During the 1930s, Waddington also began his close association with such emerging avant-garde painters, sculptors, and architects as Henry Moore, Barbara Hep-worth, Ben Nicholson, John Piper, Sandy Calder, and Walter Gropius. Waddington’s knowledge and appreciation of art was considerable; more than thirty years later he wrote his enormously ambitious analysis Behind Appearance: A Study of the Relations between Painting and the Natural Sciences in This Century (1969). In 1936, he married painter and architect Justin Blanco White. The two daughters from this marriage (Dusa and Caroline) and his son from his first marriage, all became academics, in mathematics, social anthropology, and physics respectively.

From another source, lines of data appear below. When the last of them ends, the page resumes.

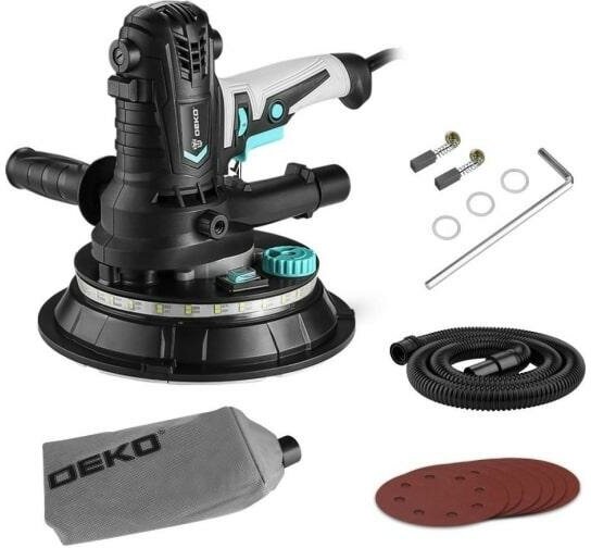 Шлифмашина сетевая DEKO DKG900, 180 мм, 900 Вт, для стен и потолков, с LED подсветкой
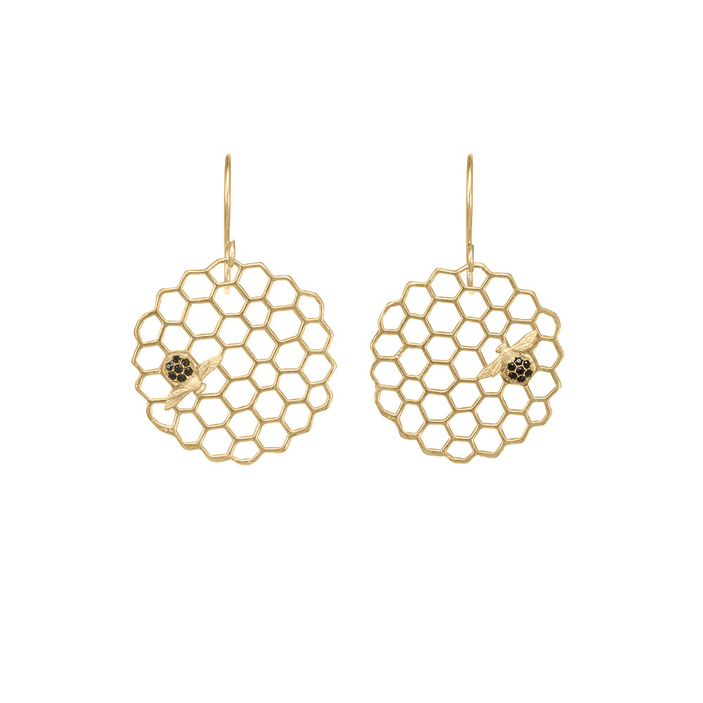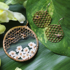 Make a statement wearing our stunning honeycomb with bee earrings. These artisan-crafted earrings are a nod to the bu...
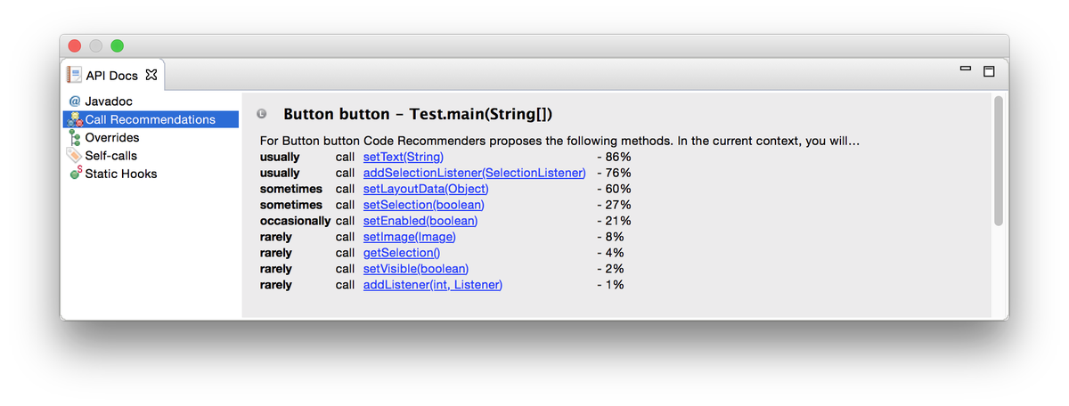 A wonderful code completion tool in Eclipse: suggest completions, sorting them by popularity in context!
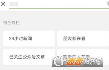 并且在搜索页面有专门的栏目推荐,目前包括“24小时新闻”、“我所有的朋友都在看”、“关注微信官方账号文章”、“附近的人都在看”。
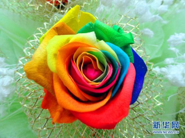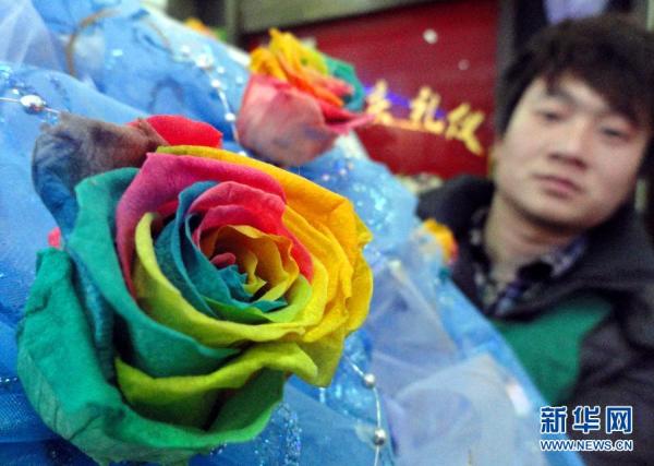 “七彩玫瑰”爲情人節添浪漫 每朵售價100元
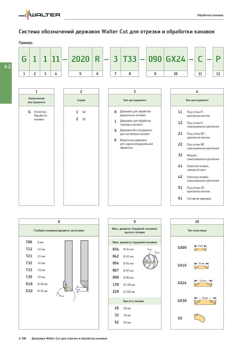 Обработка канавок Система обозначений державок Walter Cut для отрезки и обработки канавок Пример: G 1 1 11 – 2020 R – 3 T33 – 090 GX24 – C – P A2 1 2 3 4 5 6 7 8 9 10 11 12 1 2 3 4 Назначение Серия Тип инструмента Тип инструмента инструмента G (Grooving) 1 GX 0 Державка для обработки 11 Под углом 0°, Обработка радиальных канавок крепление винтом канавок 2 SX 1 Державка для обработки торцевых канавок 12 Под углом 0°, самозажимное крепление 5 Державка без поддержки, для неглубоких канавок 21 Под углом 90°, 6 крепление винтом Модульная державка для наружной радиальной 22 Под углом 90°, обработки самозажимное крепление 32 Модуль, самозажимное крепление 41 Отрезное лезвие, зажимной винт 42 Отрезное лезвие, самозажимное крепление 51 Под углом 45°, крепление винтом 61 Составная державка 8 9 10 Глубина канавки/диаметр заготовки Мин. диаметр торцевой канавки/ Тип пластины высота лезвия T06 6 мм Мин. диаметр торцевой канавки GX09 9 мм T12 12 мм 034 Ø 34 мм Dmin Dmax T21 21 мм 042 Ø 42 мм T32 32 мм 054 Ø 54 мм GX16 16 мм T33 33 мм 067 Ø 67 мм T35 35 мм 090 Ø 90 мм GX24 24 мм D16 Ø 16 мм 130 Ø 130 мм D32 Ø 32 мм Tmax 220 Ø 220 мм Dmax 30 мм Высота лезвия GX30 26 26 мм 32 32 мм SX 52 52 мм A 300 Державки Walter Cut для отрезки и обработки канавок
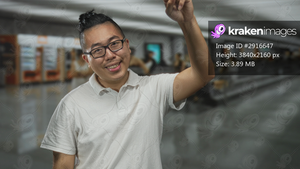 Man in white polo smiling with finger to forehead gesture at airport terminal indoors; friendly travel.
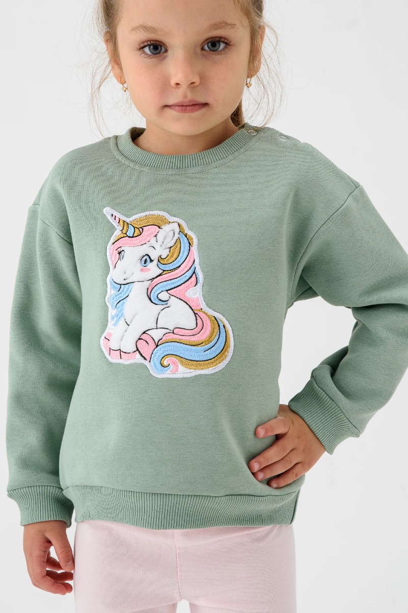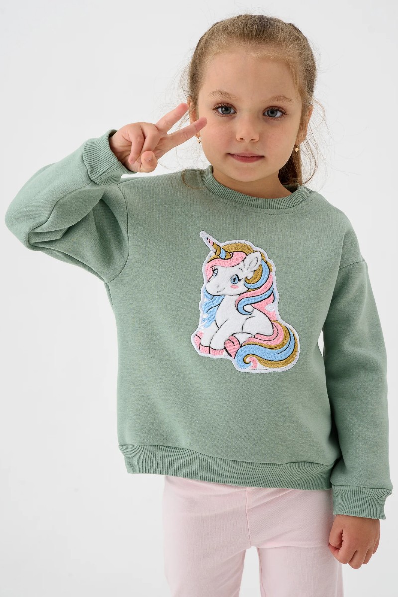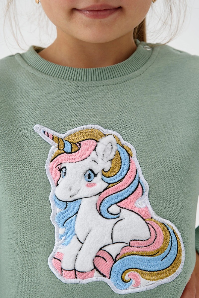 Свитшот детский 2392-Фут "Футер" футер 3-х нитка с начёсом (р-ры: 80-110) единорог зеленый

During World War II Waddington served in the Coastal Command. Thirty years later, based on his experience with anti-U-boat operations, he wrote Operational Research in World War II: O. R. against the U-boat (1973). In 1947, the year he was elected a Fellow of the Royal Society, Waddington extended his influence in genetics as chief geneticist and deputy director of an Agricultural Research Council Unit on Animal Breeding and Genetics Research, based in Edinburgh, coupled with his election to the Buchanan Chair of Genetics in the University of Edinburgh. By his fiftieth birthday in November 1955, Waddington had built the Edinburgh unit into the largest and strongest Genetics Department in the United Kingdom and one of the largest and strongest anywhere in the world.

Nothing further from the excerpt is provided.